From 2014 to 2019, Campbell tracked more than 1,600 BLM protests across the country, largely in bigger cities, with nearly 350,000 protesters. His main finding is a 15 to 20 percent reduction in lethal use of force by police officers — roughly 300 fewer police homicides — in census places that saw BLM protests.
Campbell’s research also indicates that these protests correlate with a 10 percent increase in murders in the areas that saw BLM protests. That means from 2014 to 2019, there were somewhere between 1,000 and 6,000 more homicides than would have been expected if places with protests were on the same trend as places that did not have protests. Campbell’s research does not include the effects of last summer’s historic wave of protests because researchers do not yet have all the relevant data…
Omar Wasow, a professor at Princeton University who has done seminal research on the effect of protests, told Vox that the results are “entirely plausible” and “not surprising,” considering existing protest research.
Somewhere between 1,000 and 6,000 homicides is quite a large range. If you split the difference at 3,000, then the protests effectively cost 10 times as many lives as they save.
Most of the rest of the Vox piece looks at the possible mechanisms to explain both of these findings. So, for instance, there are three possible reasons offered that might explain the drop in police homicides. First, protests might spark reforms such as the use of body cams or community policing and that might in turn limit police shootings. But Vox notes there’s not a lot of evidence to support the claim that body cams change police behavior.

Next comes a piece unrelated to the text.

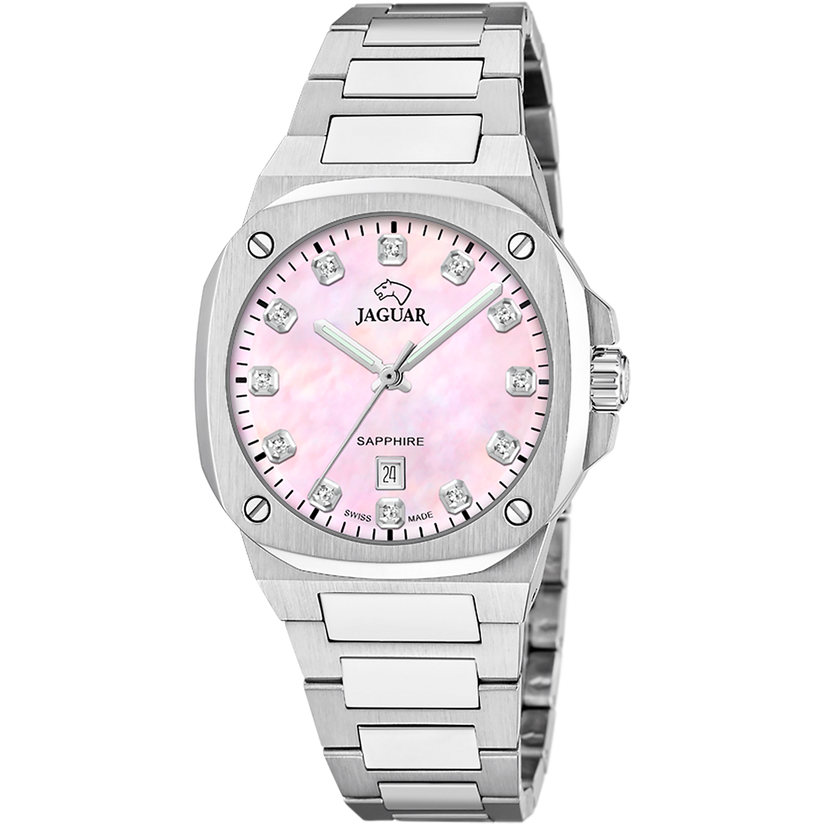 Reloj Jaguar Mujer J1027/6 Swiss Made Acero Analógico. Caja de acero de 34,3mm de diámetro. Bisel plateado. Brazalete de acero inoxidable. Cierre oculto. Esfera rosada. Multifunción, calendario. Cristal zafiro. Movimiento quartz suizo. Swiss Made. Sumergible 100m. 3 años de garantía. Ref J1027/6

Another possibility is that civilians become more wary of police and may call them less as a result of protests. That seems like it would be relatively easy to test. Just look at the trend lines of 911 calls before and after protests. Vox does look at this later and notes that while some criminologists believe a drop in the reporting of lower level crimes does happen, some recent research found that “across a large number of cities, incidents, and analytic strategies well-publicized brutality incidents do not reduce 911 calls to report common property or violent crimes.” In other words, there’s some reason to think people aren’t pulling back from engagement with police.
The third possibility is the so-called Ferguson Effect, the idea that after significant protests police pull back and aren’t as aggressive when doing their jobs. And here Vox notes there is some research to support this:
Deepak Premkumar, a research fellow at the Public Policy Institute of California, found in recently released research that police do reduce their efforts following officer-involved fatalities: Theft arrests fall by 7 percent, and for “quality of life crimes” like disorderly conduct or marijuana possession, arrests decline by up to 23 percent (weed possession alone declines by up to 33 percent).

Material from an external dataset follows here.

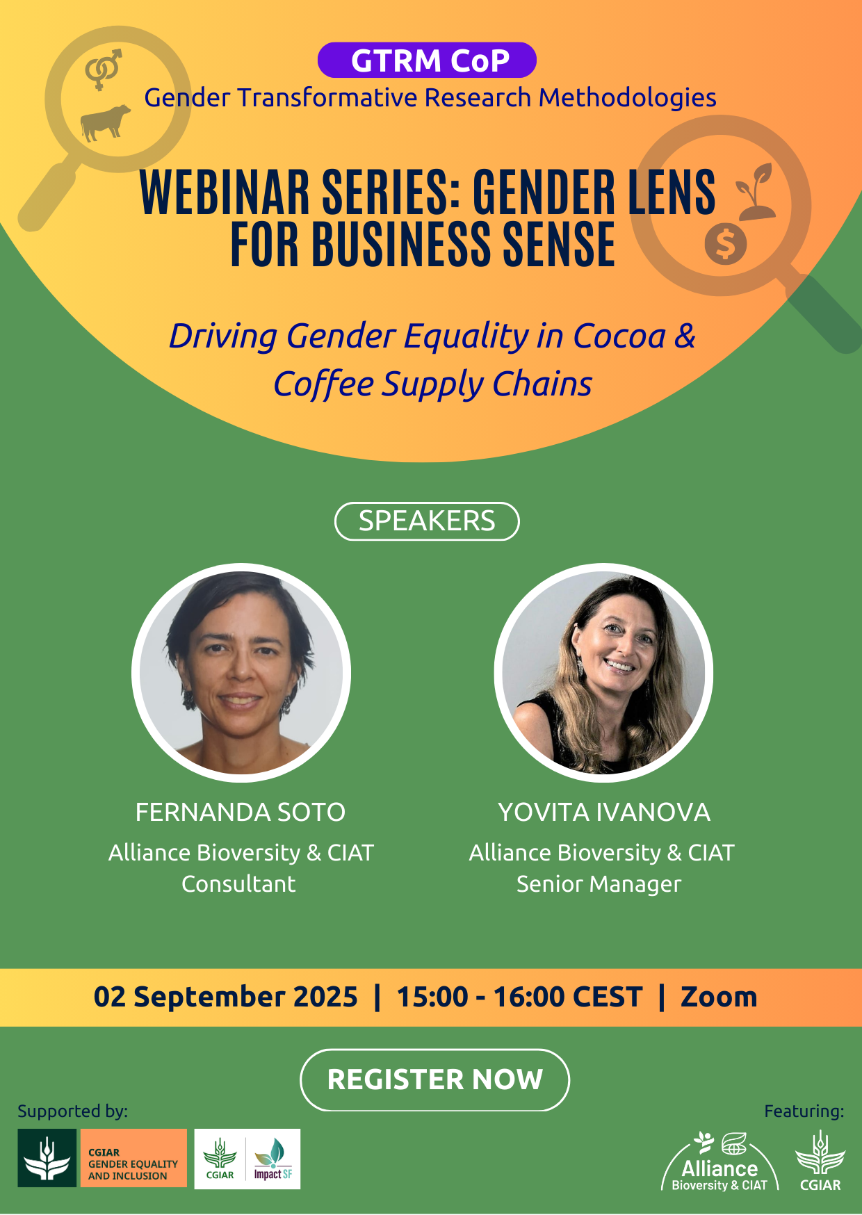 Webinar #4 in this exciting series Gender Lens for Business Sense, hosted by the Gender Transformative Research Methodologies (GTRM) community of practice, will feature two knowledgeable speakers working with Alliance Bioversity International & CIAT:

Fewer interactions with police means fewer busts that turn violent and fewer situations where guns are drawn and people are shot. And of course that could also potentially explain the increase in homicides in these same areas. Less aggressive policing may indeed mean fewer people shot by police, but it may also embolden criminals by reducing the risk they face for illegal behavior. And here, Campbell’s own research seems to support this. He found that the number of low level crimes cleared by police drops after major protests, exactly as if police aren’t trying as hard.

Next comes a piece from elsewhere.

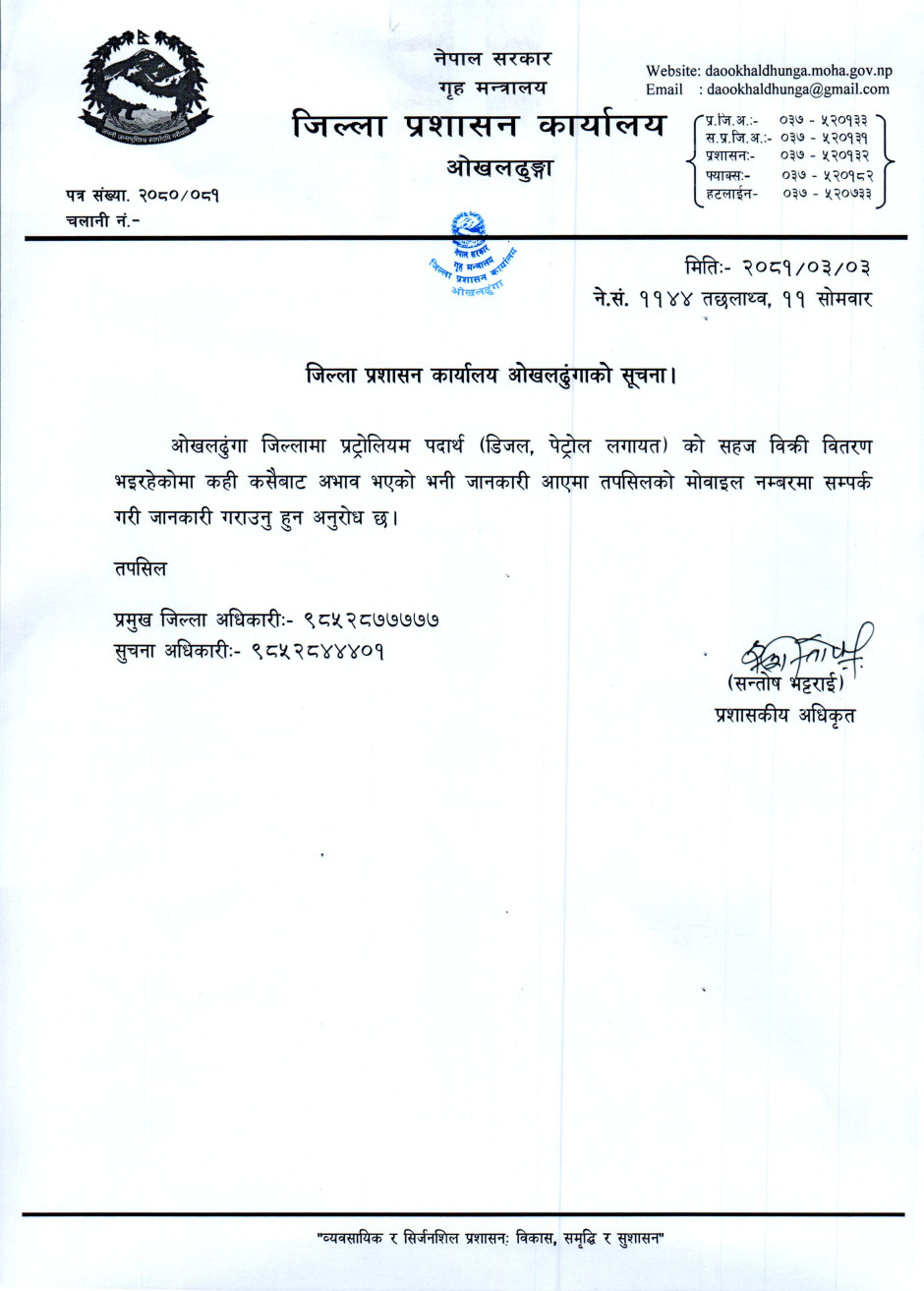 © सर्वाधिकार सुरक्षित जिल्ला प्रशासन कार्यालय, ओखलढुंगा

Vox wraps all of this up with a rather blithe conclusion noting that four years after protests the murder rates seem to return to normal. That may be so but it’s no help to the thousands of additional homicide victims or their families. Their lives obviously don’t go back to normal after four years.
It’s hard to see how anyone looking at this data could conclude that BLM protests are something any community should be happy about. If the outcome is a dramatic increase in violent crime for several years and a marginal decrease in police shootings, that doesn’t sound like a good bargain. In fact, it’s probably worse than the numbers suggest.
All of the additional homicides, again we can say 3,000 for the sake of argument, are murders that would not have happened if not for the protests. Those are people who would still be alive. The same can be said for the 300 people shot by police. But there’s an obvious difference. All of the 3,000 homicides that shouldn’t have happened were illegal and fundamentally unjust. Many are probably some kind of street justice with absolutely no public oversight (except for more street justice). On the contrary, the 300 police shootings will be investigated and will all face review and public scrutiny. So even apart from the body count, the police shootings represent a far better system if your goal is justice. In fact, even if the number of homicides was equal to the number of police shootings, the community would still be better off dealing with the police shootings.
Finally, there’s the media piece of this. Newspapers like the Washington Post have made a big deal about the claim that 93% of BLM marches are peaceful and downplaying that the remaining 7% have done substantial damage to cities and in terms of the number of injured police officers (around 2,000 last summer). But if research suggests BLM protests also result in disruptions that lead to thousands of additional murders how does that get reported? What if the marches are mostly peaceful but the result is streets that are anything but peaceful. Can BLM be criticized for this? My guess is the progressives who run the media won’t allow that even though they wouldn’t hesitate to do so if this were, say, findings about the outcomes of Tea Party protests.